Feasibility studies are to be conducted to test at least two commercial proposals designed to rid Perth of its growing mountain of used tyres.
State Development Minister Ian Taylor said today 25 companies had responded to his department's invitation for submissions to solve the problem and of these, four had been short-listed as having outstanding merit.
"The selection panel representing the Chamber of Commerce and Industry, the Western Australian Municipal Association, Health Department and the Department of State Development, will now be meeting in January to make their final choice," Mr Taylor said.

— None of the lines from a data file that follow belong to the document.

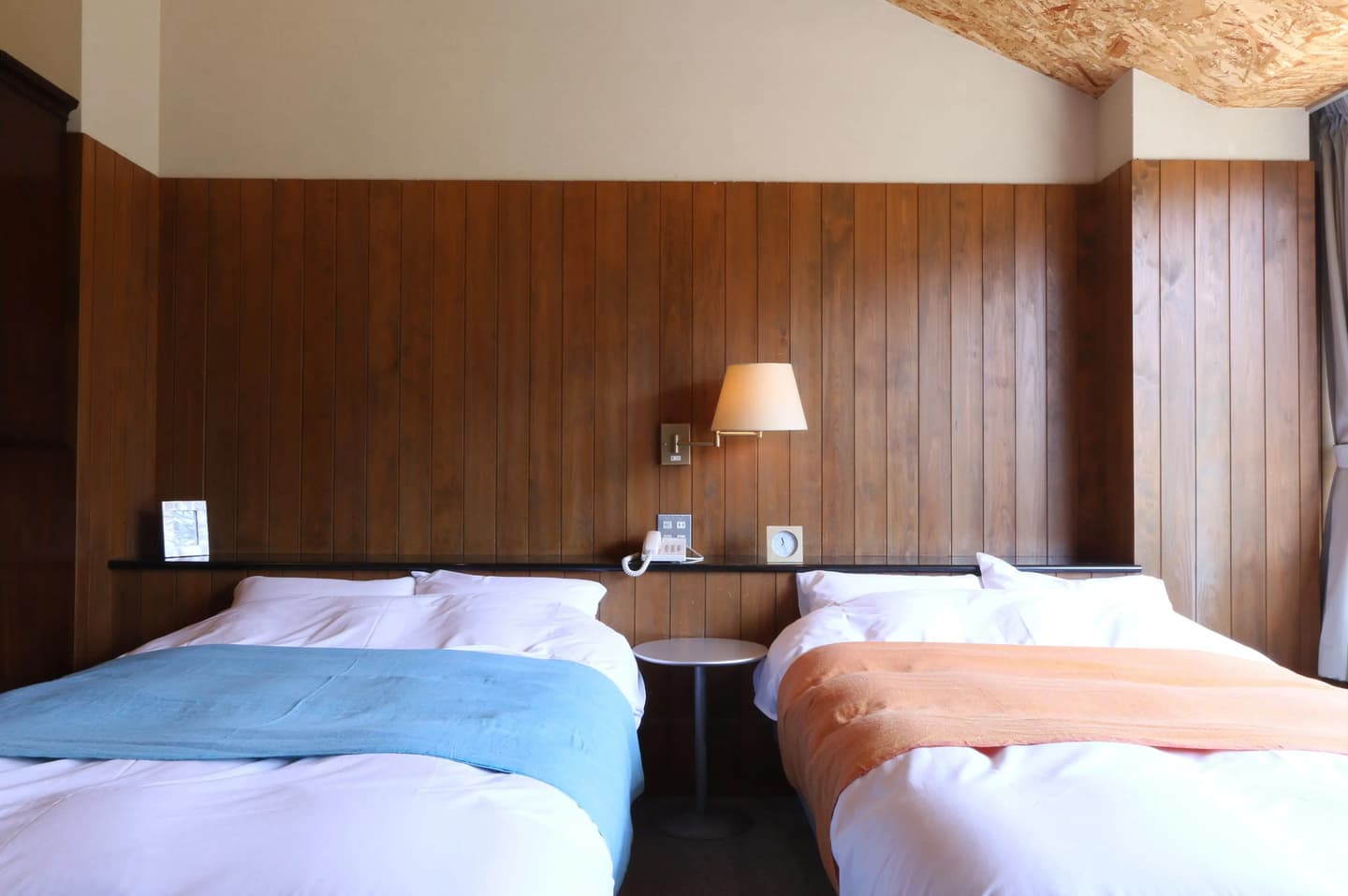 ファミリータイプ、わくわくするロフト付きのお部屋、ゆったりシングルでも、わいわいベッドを並べても。窓からの景色も心地よい自然を感じられます。
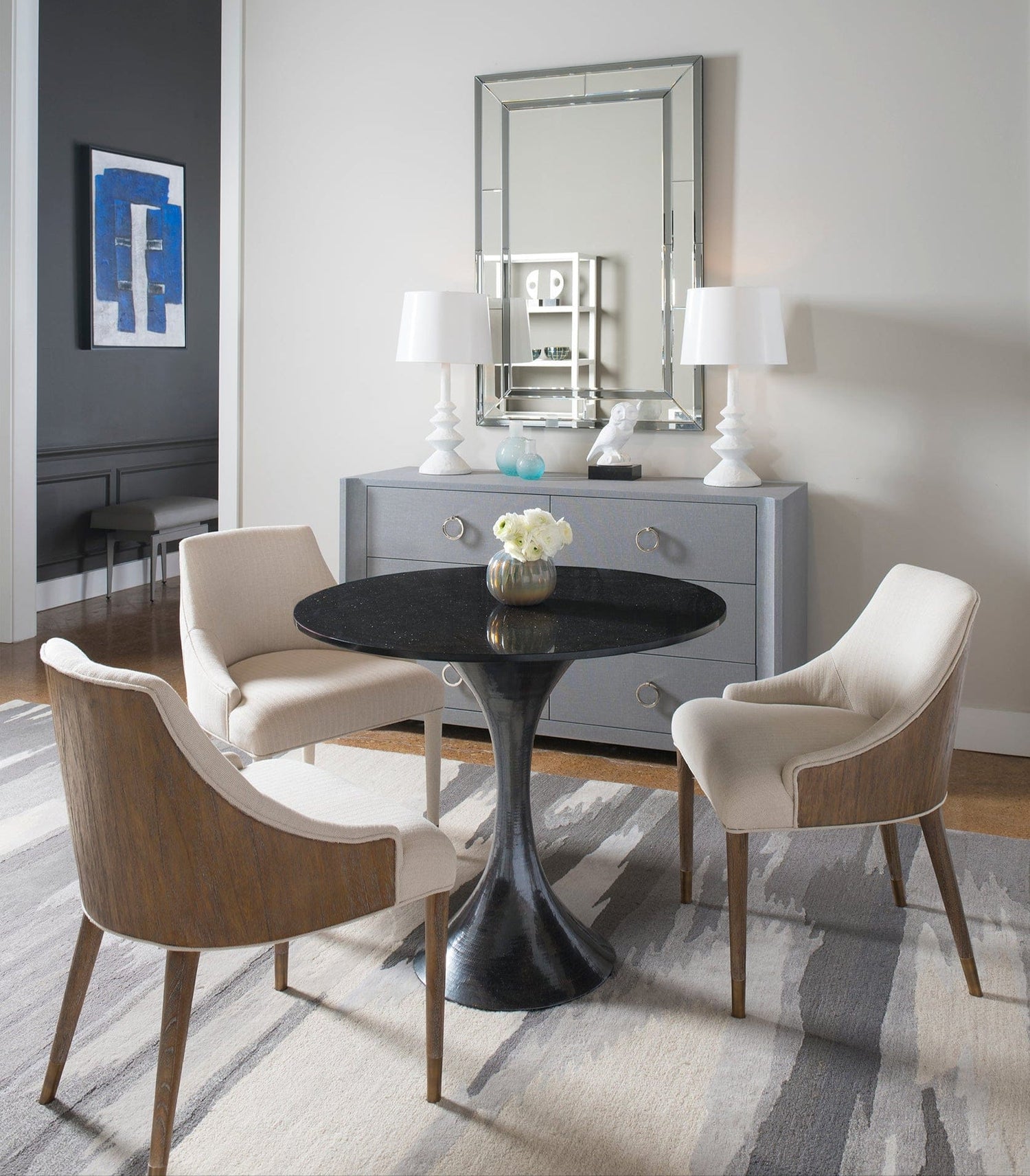 Villa & House's designs are celebrated for their sophisticated silhouettes and luxurious materials. Let’s just say the Orion Armchair serves as the perfect example. Combining elements of the soft and solid, the plush seat is covered in natural linen in a subtle herringbone pattern and backed by a structured framework of beautifully grained driftwood. The gentle curves and cloudlike cushioning are met with the sleekness of its four wooden legs, delicately tapered and capped in bronze. The angled positioning of the two back legs recall mid-century modern design, giving the piece a retro aesthetic that’s timelessly chic. The Orion makes for a beautiful accent chair in a sitting room or study, or it can be used as a dining set that elevates each meal with a sense of high-end comfort.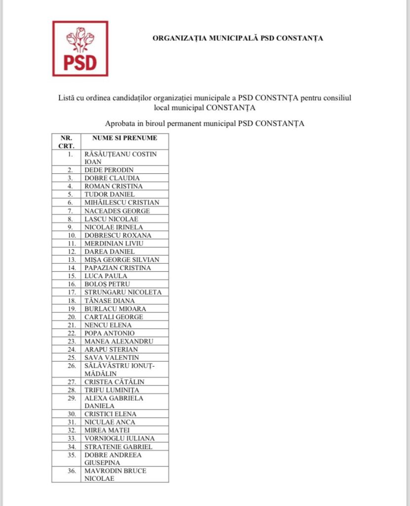 Costin Răsăuțeanu, liderul grupului consilierilor locali PSD a confirmat, pentru OBSERVATOR Constanța, noua componență a grupului PSD.

"But because the standard of the submissions is so high, I expect at least two of them will be subject to a detailed, independent feasibility study."
Mr Taylor said the number of potentially viable suggestions put forward had come as a surprise.

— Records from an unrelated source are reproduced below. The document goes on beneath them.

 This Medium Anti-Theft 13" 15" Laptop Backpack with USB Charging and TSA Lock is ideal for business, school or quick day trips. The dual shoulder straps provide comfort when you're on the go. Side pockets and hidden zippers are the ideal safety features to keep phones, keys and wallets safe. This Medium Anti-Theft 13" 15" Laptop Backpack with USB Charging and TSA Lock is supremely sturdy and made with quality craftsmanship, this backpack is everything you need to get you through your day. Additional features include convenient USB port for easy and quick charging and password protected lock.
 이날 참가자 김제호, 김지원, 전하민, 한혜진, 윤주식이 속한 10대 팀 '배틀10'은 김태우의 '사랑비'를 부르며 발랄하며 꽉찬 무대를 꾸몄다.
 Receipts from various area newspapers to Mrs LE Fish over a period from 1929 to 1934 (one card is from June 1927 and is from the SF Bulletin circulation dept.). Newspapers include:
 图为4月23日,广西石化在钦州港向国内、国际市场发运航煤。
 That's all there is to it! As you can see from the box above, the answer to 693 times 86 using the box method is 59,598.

"Frankly, we had only expected a handful of proposals, but what we received was a clear demonstration that local industry is extremely adaptable and well capable of coming up with new ideas," he said.

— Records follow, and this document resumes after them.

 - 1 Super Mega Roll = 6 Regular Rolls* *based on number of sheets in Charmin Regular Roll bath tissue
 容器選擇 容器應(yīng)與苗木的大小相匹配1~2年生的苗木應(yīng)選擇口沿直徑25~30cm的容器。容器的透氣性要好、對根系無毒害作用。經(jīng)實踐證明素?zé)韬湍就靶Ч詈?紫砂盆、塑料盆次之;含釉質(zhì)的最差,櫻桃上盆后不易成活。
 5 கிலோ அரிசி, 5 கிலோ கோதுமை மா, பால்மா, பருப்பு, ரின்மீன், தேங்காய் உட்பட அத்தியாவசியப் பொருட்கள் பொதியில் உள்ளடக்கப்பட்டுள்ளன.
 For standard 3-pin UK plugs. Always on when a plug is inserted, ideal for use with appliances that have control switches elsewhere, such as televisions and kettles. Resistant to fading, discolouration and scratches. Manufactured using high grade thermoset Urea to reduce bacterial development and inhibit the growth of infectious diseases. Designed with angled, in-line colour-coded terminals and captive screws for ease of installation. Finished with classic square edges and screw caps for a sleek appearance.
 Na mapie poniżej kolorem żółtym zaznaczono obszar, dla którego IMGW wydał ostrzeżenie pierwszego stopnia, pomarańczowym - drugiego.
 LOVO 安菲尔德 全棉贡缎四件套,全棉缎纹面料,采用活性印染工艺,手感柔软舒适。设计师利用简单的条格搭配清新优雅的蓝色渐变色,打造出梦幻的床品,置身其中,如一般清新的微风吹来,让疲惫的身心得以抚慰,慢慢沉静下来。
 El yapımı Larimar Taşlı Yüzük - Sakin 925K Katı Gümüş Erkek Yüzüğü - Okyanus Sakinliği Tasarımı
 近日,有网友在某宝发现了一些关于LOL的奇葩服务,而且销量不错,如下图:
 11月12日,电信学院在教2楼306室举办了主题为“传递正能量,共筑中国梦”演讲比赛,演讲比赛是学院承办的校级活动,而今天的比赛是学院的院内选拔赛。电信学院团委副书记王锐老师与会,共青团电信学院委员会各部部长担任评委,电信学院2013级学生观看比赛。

Mr Taylor said the four proposals short-listed involved either turning the tyres into a new source of energy; or breaking them down to recover their constituent parts, like rubber, steel and fibre.
"Importantly, each proposal is designed to use existing technology - and to do so without causing more damage to the environment," he said.
"Each proposal we are looking at will also be funded privately. The only real Government input likely to be necessary is a change in regulations affecting the disposal of tyres into landfills."
Mr Taylor said used tyres today represent a major environmental hazard.
"We have already experienced the effects of a tyre dump fire, and we cannot afford any repeats," he said.
Mr Taylor said the four major proposals short-listed offered a solution for disposing of the 500,000 used tyres which accumulate in Perth every year.
"Some of the other suggestions put to us involved ideas for recycling much smaller numbers and although they would not solve Perth's larger problem, nonetheless they have considerable merit," he said.
"For example, Workpower, a charity group working with the handicapped, wanted to access a particular type of tyre to make rubber mats and I would be more than happy to see that proposal go ahead.
"Another company wanted to use tyres as part of the structure of a new form of rammed earth housing.
"I would be quite prepared to see that concept adopted too - subject to agreement with the appropriate local government authorities."
Mr Taylor said the feasibility studies for the large scale proposals would be completed by about March.
"That means that with the appropriate planning and environmental approvals, we should see a used tyre recycling plant in operation within six to 12 months," he said.